Since 2009, she has been serving as the Director of ARThinkSouthAsia (ATSA), an arts management programme for young managers in the cultural sphere. From November 2015 to February 2019; Sood also served as the Director General of Jawahar Kala Kendra, an arts centre in Jaipur established by the Rajasthan Government. Sood has been on several international juries, like the IAPA award of the Institute of Public Art, Shanghai (2014), the Asia Pacific Breweries Signature prize hosted by the Singapore Art Museum (2014–15) and the Korean Art prize, Seoul (2013).

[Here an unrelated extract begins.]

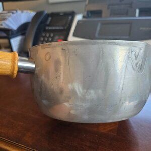 MIRRO 2 Quart Qt. 1.9L 8" Saucepan Pan Pot Nonstick, Wood Handle W/ Hook USA 54221-1330. One small mark on the inside of the pan on the non-stick at the top, as shown. ALl other in good pre-loved condition! Wear marks on the outside as shown.

Sood is currently working on curating the Pune Biennale which is to be held in November–December 2019.

==Achievements==
Sood was the recipient of a Junior Fellowship from the Human Resource Development (HRD) Ministry, Government of India and developed a Directory of Funding for the Arts in 1998. She is also a Chevening scholar on the Clore Leadership Programme, UK (2009-2011).

==Publications==
She is the editor of The Khoj Book Of Contemporary Indian Art: 1997- 2007, published by HarperCollins, 2010.